AMBON, FordataNews.com – Di tengah berbagai persoalan yang masih membelit Maluku, mulai dari ketimpangan pembangunan, korupsi, kemiskinan struktural, hingga eksploitasi sumber daya alam yang belum sepenuhnya berpihak kepada rakyat, mahasiswa dituntut untuk kembali kepada khittah perjuangannya sebagai agen perubahan dan kontrol sosial.

Kampus tidak boleh hanya melahirkan sarjana yang mengejar gelar, tetapi juga intelektual yang berani menyuarakan kebenaran demi kepentingan masyarakat.

Gagasan yang disampaikan akademisi dan pemerhati hukum, Jakobus A. Rahajaan, patut menjadi bahan refleksi bersama. Ia mengingatkan bahwa kontribusi terbesar mahasiswa bukanlah seberapa cepat mengenakan toga wisuda, melainkan sejauh mana keberanian mereka mengawal kebijakan publik melalui kritik yang ilmiah, rasional, dan berbasis data.

Pandangan tersebut sesungguhnya merupakan kritik terhadap fenomena menurunnya daya kritis sebagian kalangan mahasiswa yang kerap terjebak dalam pragmatisme politik maupun rutinitas akademik semata.

Padahal, sejarah bangsa ini mencatat bahwa hampir setiap perubahan besar selalu lahir dari keberanian kaum muda untuk menyuarakan kepentingan rakyat.

Rahajaan yang juga merupakan anggota Rumah Bantuan Hukum Pemuda Katolik Komisariat Daerah Maluku ini menawarkan Tujuh Diktum.

Menurutnya, ketujuh Diktum tersebut bukan sekadar daftar tuntutan demonstrasi jalanan. Di baliknya terdapat fondasi hukum dan argumentasi akademik yang kuat. Mulai dari pengakuan masyarakat hukum adat, pemberantasan korupsi, pengaturan prostitusi, percepatan pengesahan Undang-Undang Provinsi Kepulauan, transparansi pengelolaan Blok Masela, hilirisasi perikanan, hingga integrasi kebijakan pembangunan maritim.

Semua isu tersebut menyentuh akar persoalan pembangunan Maluku.

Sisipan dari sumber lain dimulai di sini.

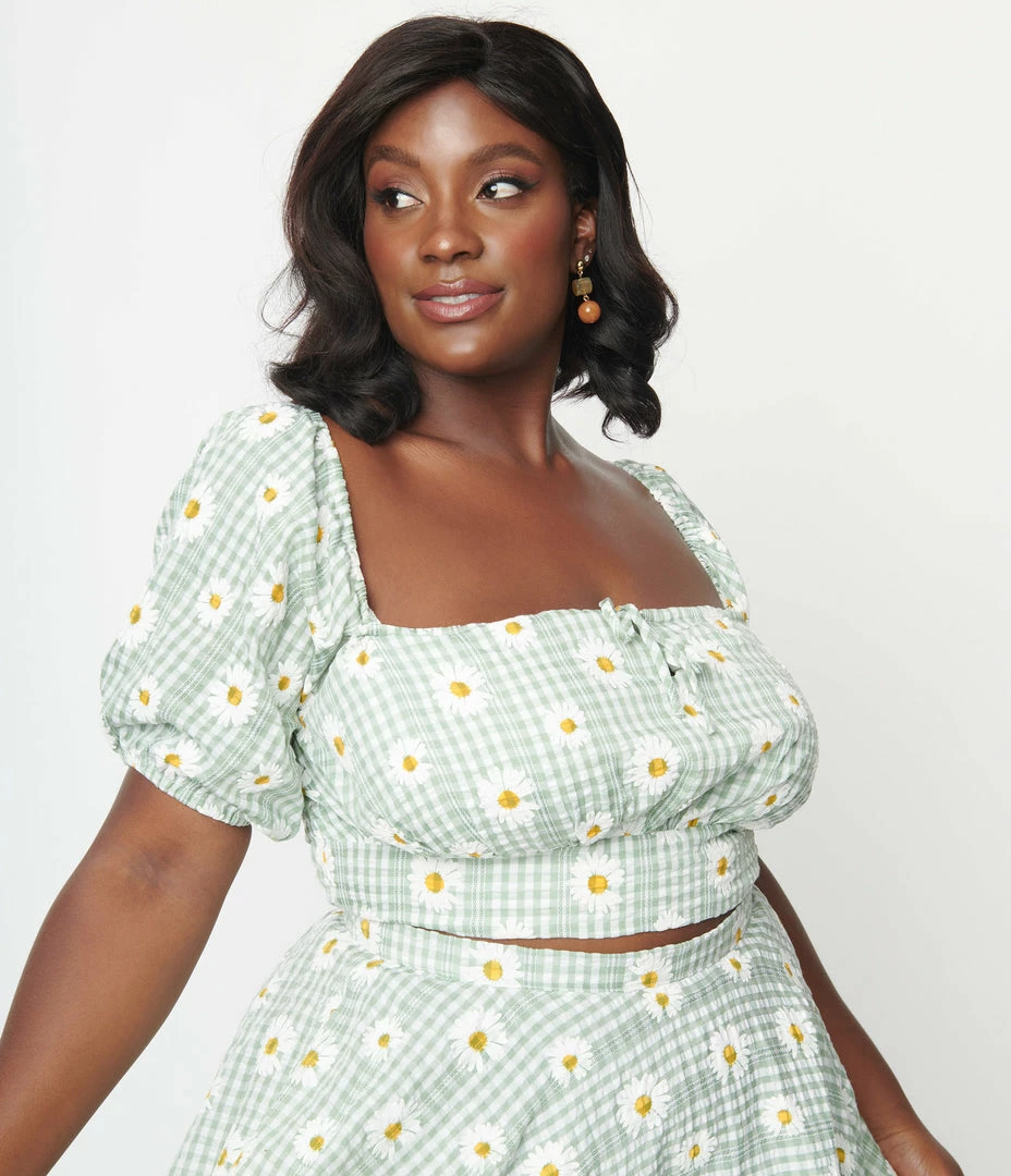 Hot Sale 🎉 Clothing Magnolia Place Plus Size Green Gingham Daisy Crop Top ⌛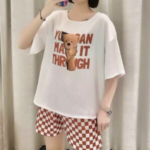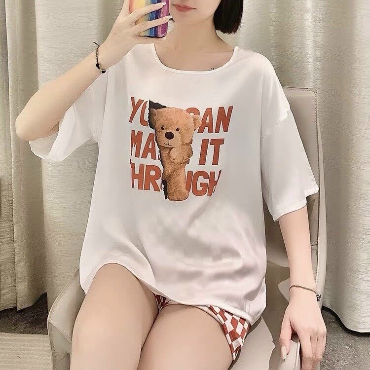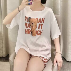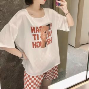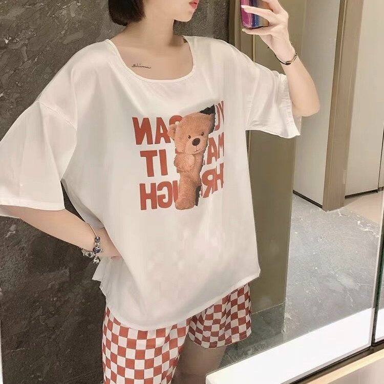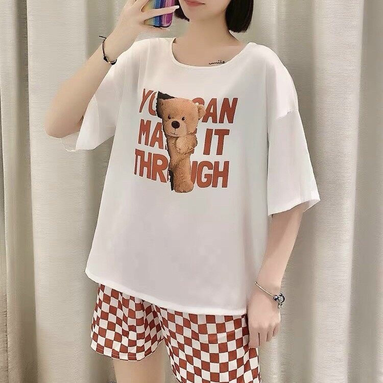 Chất liệu lụa mềm mịn mặc cực mát hoạt tiết gấu cute đáng yêu quần caro mang lại cho bạn sự thoải mái khi ở nhà.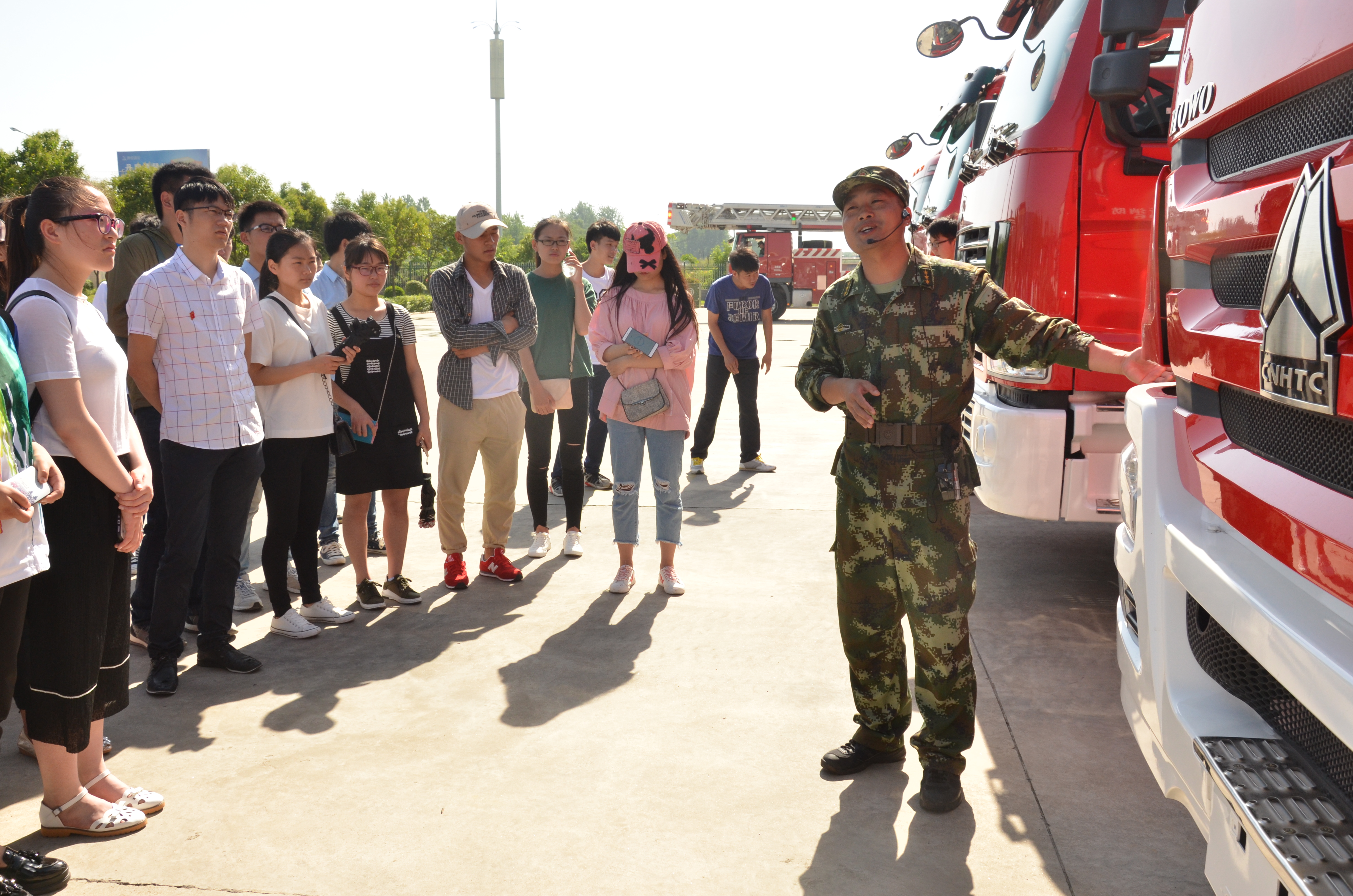 5月13日上午,太阳集团tyc234cc安全教育活动月“六个一”系列活动之“体验军旅生活,强化爱国主义教育”活动于信阳市高新区公安消防支队特勤中队开展。太阳集团tyc234cc分团委老师艾甜甜、徐柏林带领党员同学、学生干部及其他院系在内的共百余名学生实地参观学习。

Persoalan pengakuan hutan adat, misalnya, bukan hanya soal legalitas wilayah, melainkan menyangkut penghormatan negara terhadap identitas dan hak hidup masyarakat adat yang selama berabad-abad menjaga hutan dan sumber daya alam. Tanpa keberpihakan yang jelas, konflik agraria akan terus menjadi bom waktu di berbagai daerah.

Begitu pula dengan isu korupsi. Sulit membayangkan Maluku dapat keluar dari berbagai ketertinggalan apabila praktik korupsi masih menggerogoti anggaran publik.

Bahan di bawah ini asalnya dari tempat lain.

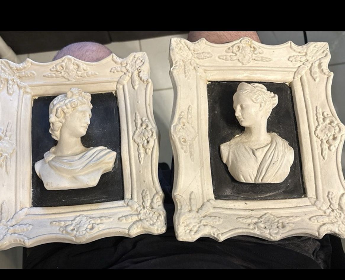 Rare matched pair of authentic 1940s vintage framed plaster relief plaques featuring neoclassical female busts in profile (elegant draped figures with updos, inspired by ancient Greek/Roman cameos/intaglios). Set in ornate white plaster frames with grapevine, leaf, and floral detailing around black recessed backgrounds—classic mid-century home decor with shabby chic, French country, or Victorian revival vibes. Material: Plaster/chalkware relief (lightweight yet detailed 3D sculpting, typical of 1940s production). Size: Approximately 10-12" wide each (handheld scale in photo—measure precisely for listing). Era: 1940s originals, great for collectors of vintage wall art, plaster cameos, or mid-century neoclassical pieces. Condition: Good vintage used—frames and reliefs intact with authentic age patina, light wear/surface marks consistent with 80+ years (no major chips, cracks, breaks, or repairs visible; display-ready as-is). From a smoke-free home in Boca Raton, FL. Charming symmetrica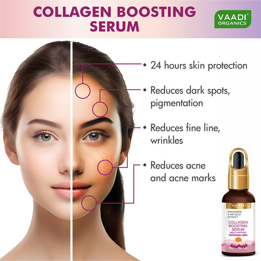 Multipeptide and 24K Gold Extract Collagen Boosting serum with Niacinamide|Radiant & Youthful Skin|Reduces Dark Spots| For All Skin Types| No Parabens, Mineral, Silicon (30 ml / 1.02 fl.oz)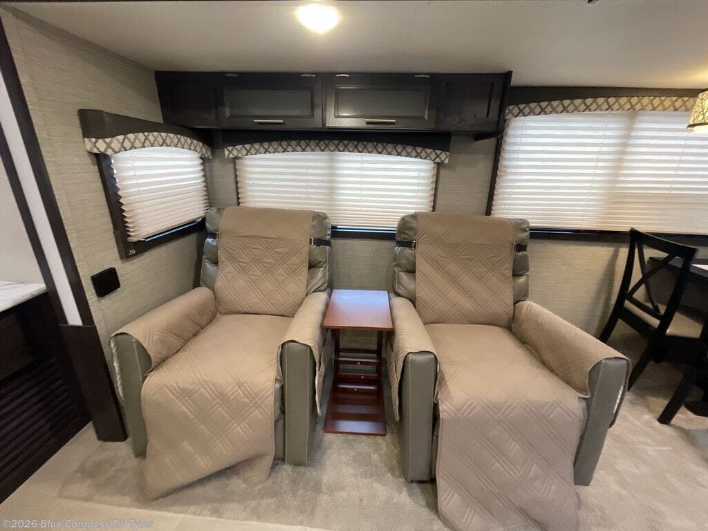 On the opposite side of the unit there is a 40" x 74" booth dinette and two lounge chairs with overhead storage.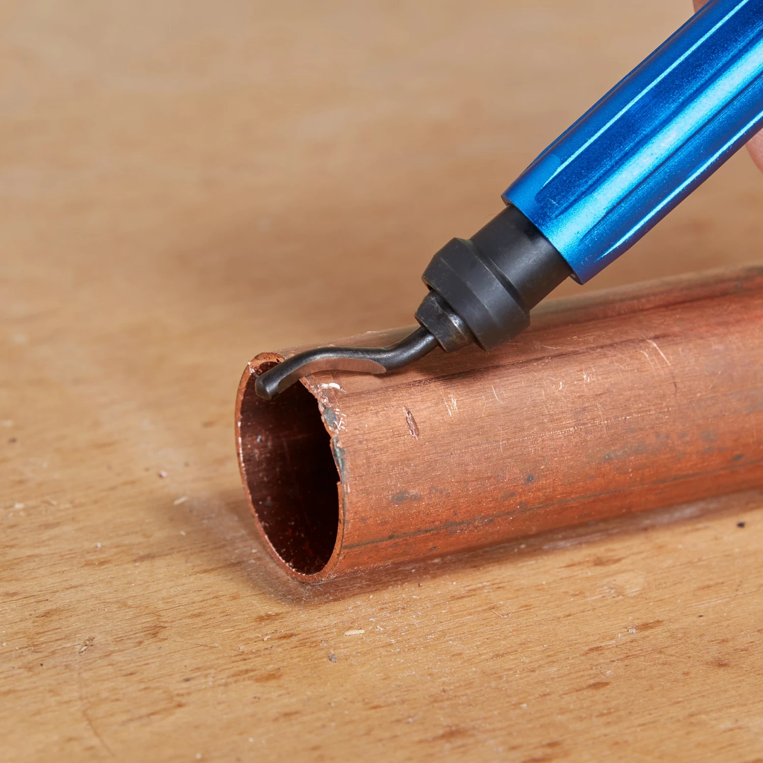 - Removes burrs from iron pipe, copper, brass and PVC

Setiap rupiah yang dikorupsi sejatinya adalah hak masyarakat yang dirampas, yakni hak atas pendidikan yang layak, layanan kesehatan yang memadai, serta infrastruktur yang seharusnya dapat meningkatkan kesejahteraan rakyat.

Namun, di antara seluruh isu yang dikemukakan, tuntutan terhadap keadilan bagi daerah kepulauan tampaknya menjadi agenda paling mendesak. Selama bertahun-tahun, Maluku menghadapi paradoks pembangunan. Daerah ini memiliki wilayah laut yang sangat luas dan kekayaan sumber daya alam yang melimpah, tetapi masih bergulat dengan keterbatasan infrastruktur dan tingginya biaya logistik.

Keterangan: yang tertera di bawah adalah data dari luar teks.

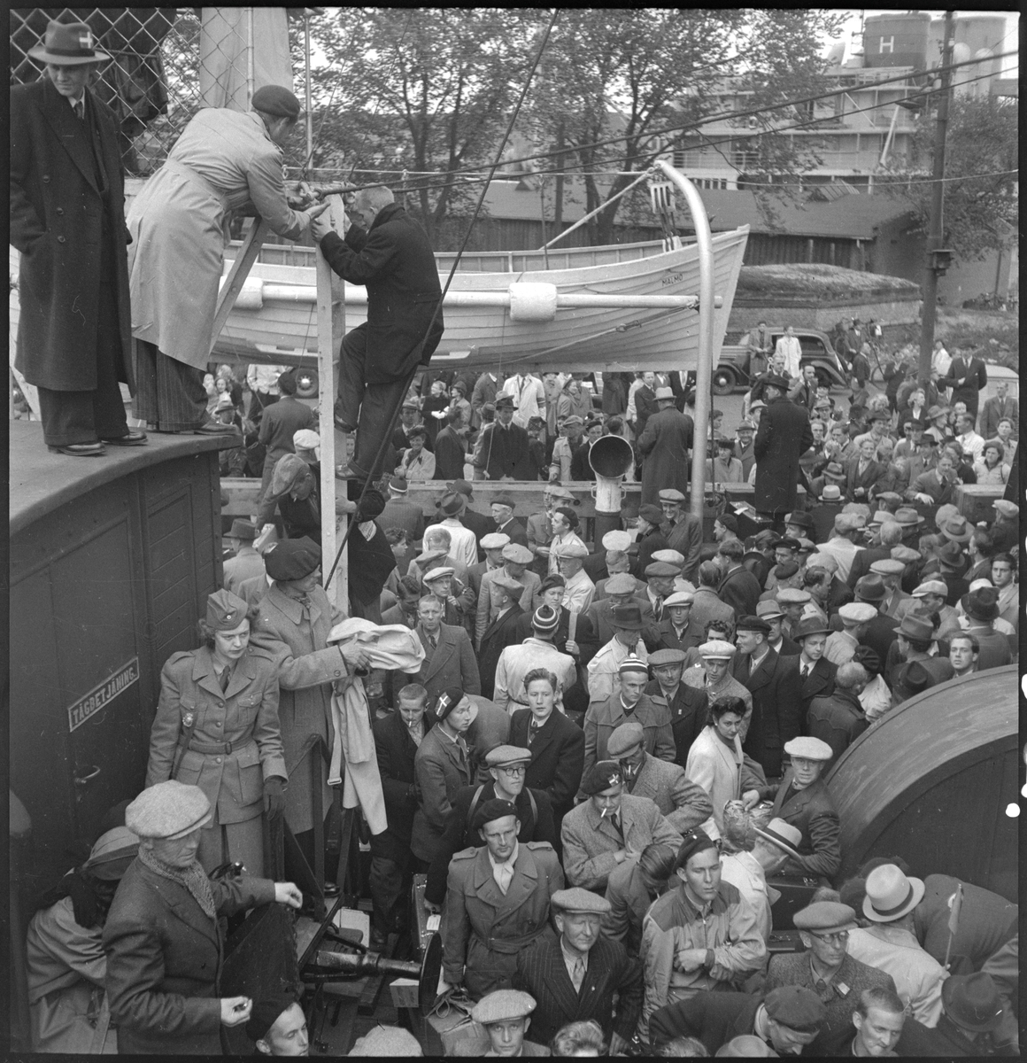 Titel: Danska flyktingar på väg hem, ombord på tågfärjan Malmö. Här på väg in till Köpenhamn.
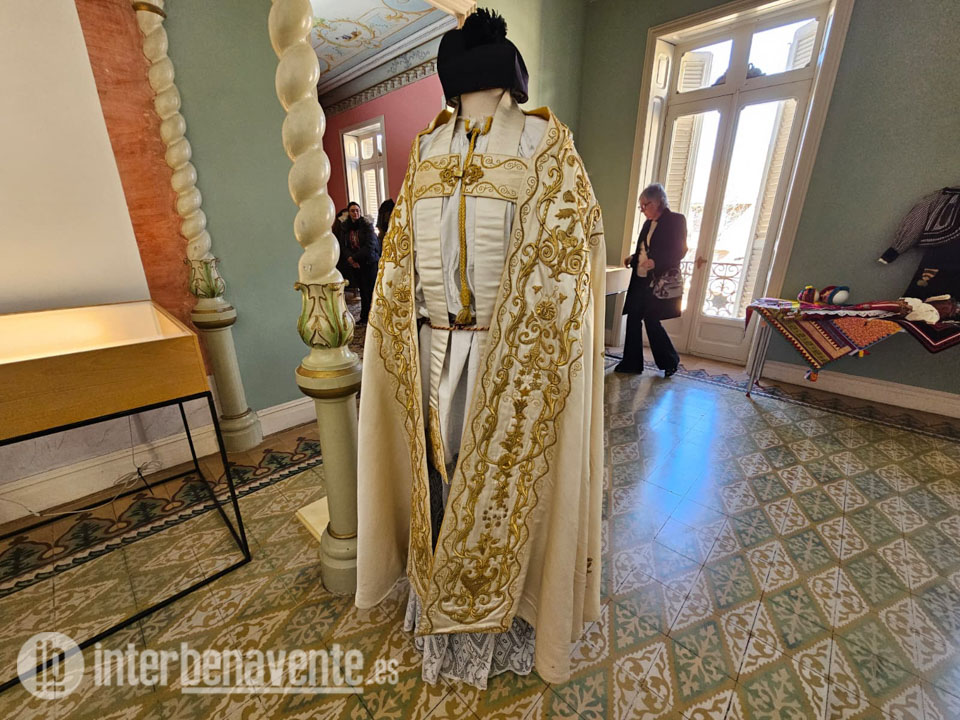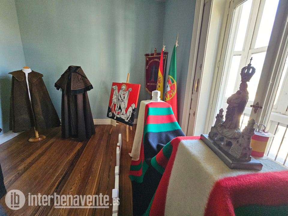 Trilla señalaba que las capas provienen en parte de colecciones privadas y de algún colectivo que datan desde el S.XVIII, en concreto una de pardo o capa de aleta de murciélago, es la primera que recibe al visitante cuando entre en la sala noble del Centro Cultural Soledad González. También se encuentra la capa eclesiástica del Corpus Christi de Benavente “Es una capa del siglo XIX, está bordada en oro, en realce, y está traspasado el tejido antiguo, porque estaba muy deteriorado, a un tejido nuevo, pero ya con cierto tiempo. Y fue confeccionada en Valencia por las monjas, las religiosas Adoratrices. También nos ha parecido importante colocarla porque no deja de ser una seña de identidad también de nuestra ciudad y de una de nuestras grandes fiestas, como es la del Corpus”.

Model pembangunan nasional yang selama ini lebih berorientasi daratan sering kali gagal memahami karakteristik daerah kepulauan. Akibatnya, banyak kebijakan anggaran dan pembangunan yang tidak mencerminkan kebutuhan riil masyarakat Maluku.

Karena itu, dorongan untuk mengesahkan Undang-Undang Provinsi Kepulauan bukanlah tuntutan berlebihan, melainkan upaya menghadirkan keadilan bagi wilayah yang selama ini berkontribusi besar terhadap kedaulatan maritim Indonesia.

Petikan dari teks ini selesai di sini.